A review by emergencily
Eva Luna by Isabel Allende

3.75

Narrated in omniscient first person by the titular protagonist, Eva Luna, as she recounts the story of her life in an unnamed semi-fictional South American country in the early 20th century. The story starts with her mother Consuelo's tumultuous childhood, following Eva Luna's birth and coming of age. She flits from employer to employer as a young serving girl, finds and loses members of a found family, gets caught up in the political turmoil of her country's military coups and attempts at communist revolution, finds love in father figures (ew) and lost childhood friends, and eventually makes her way in the world as a famed writer. 

I thought the first half of the novel, about Eva's mother's life and Eva's childhood and adolescence, was stronger than the second half when Eva is an adult.

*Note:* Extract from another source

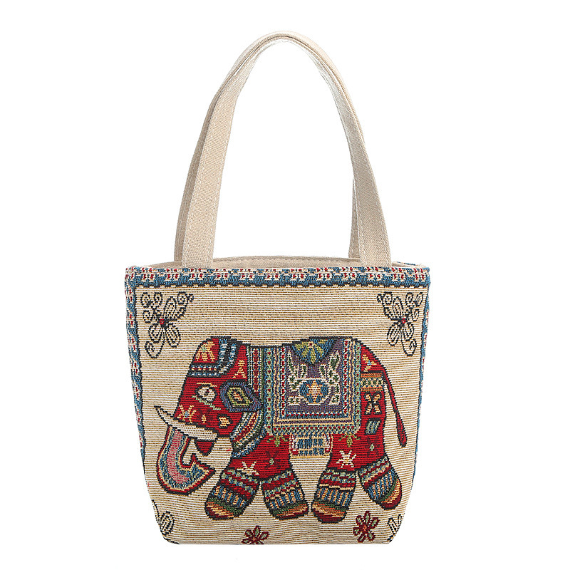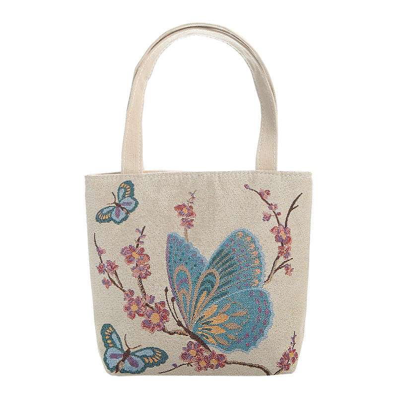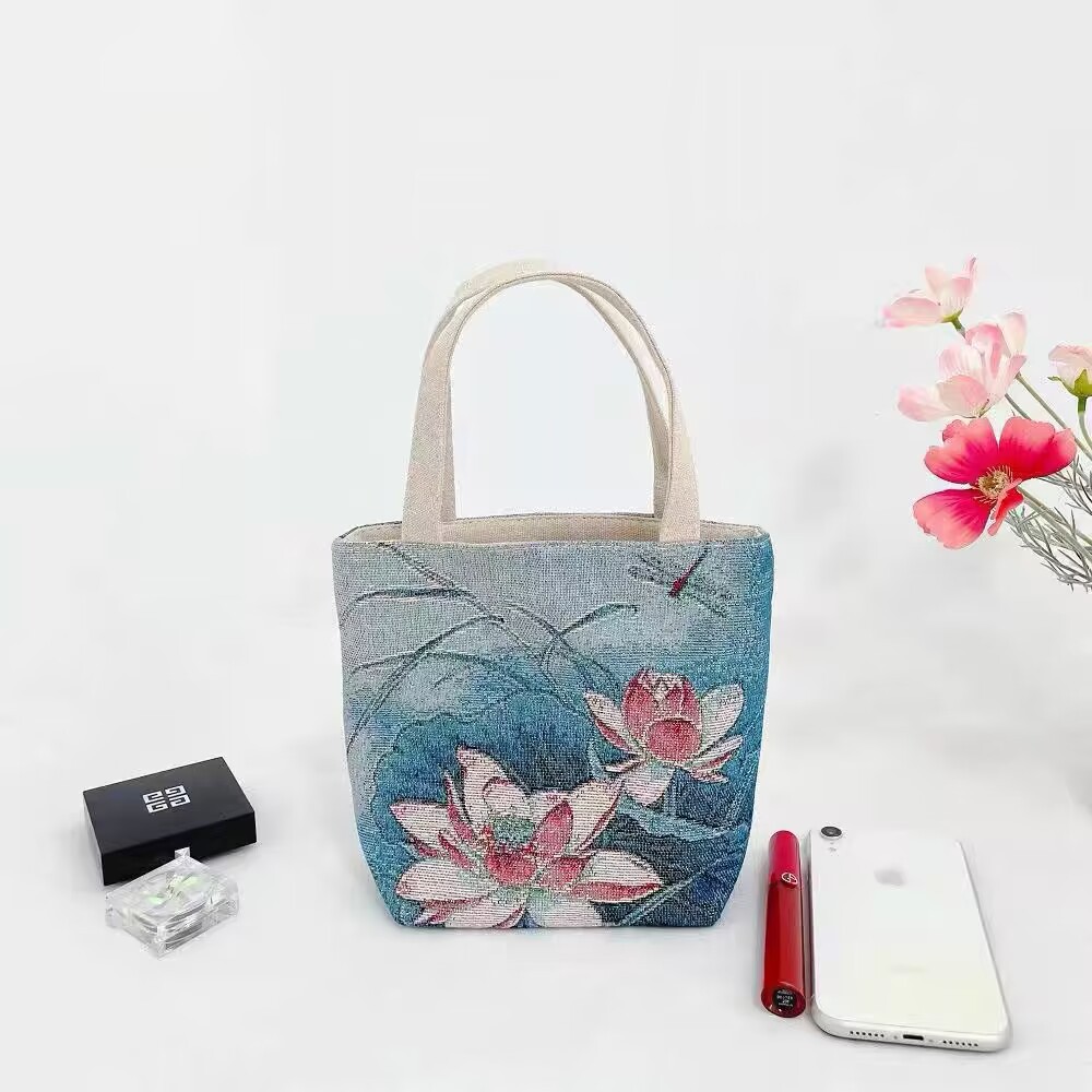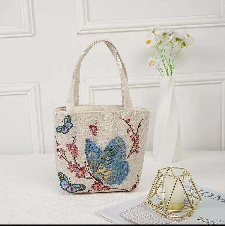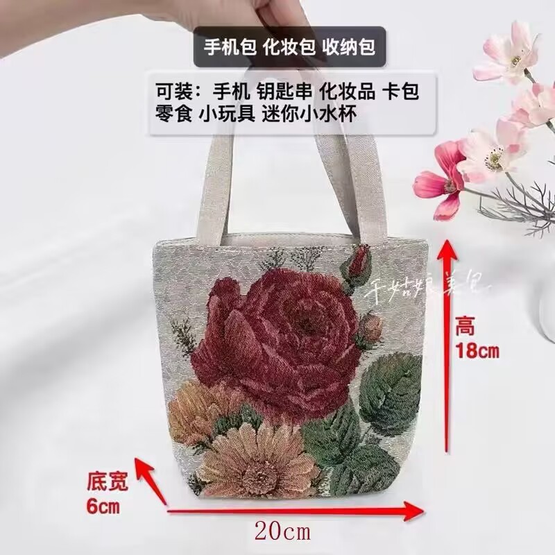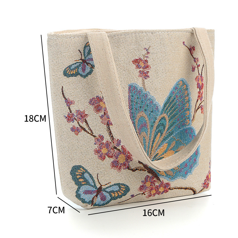 2024卡通提花刺綉時尚文藝帆布包ins單肩百搭上班通勤手提購物包

The sense of magic and fantasy in her world eventually disappears and the book starts to revolve around her stumbling into conveniently placed political subplots that wrap up neatly, and romances that play her as a waiting damsel. Her character in adulthood loses the rebellious spirit and chaos she had as a child. I wish the book had done more with the idea of magic in her powers of storytelling and how it impacts her world. I also wish more had been done with the politics beyond it just existing in the background setting. Eva's character is largely apolitical until it suits whichever man she's in love with, which seems a shame.

I wanted to fall in love with this as much as I did with "The House of the Spirits" (one of my all-time favourites), but I didn't. Nevertheless, Allende's writing style is beautiful and her descriptions of the world really make it seem magical and otherworldly.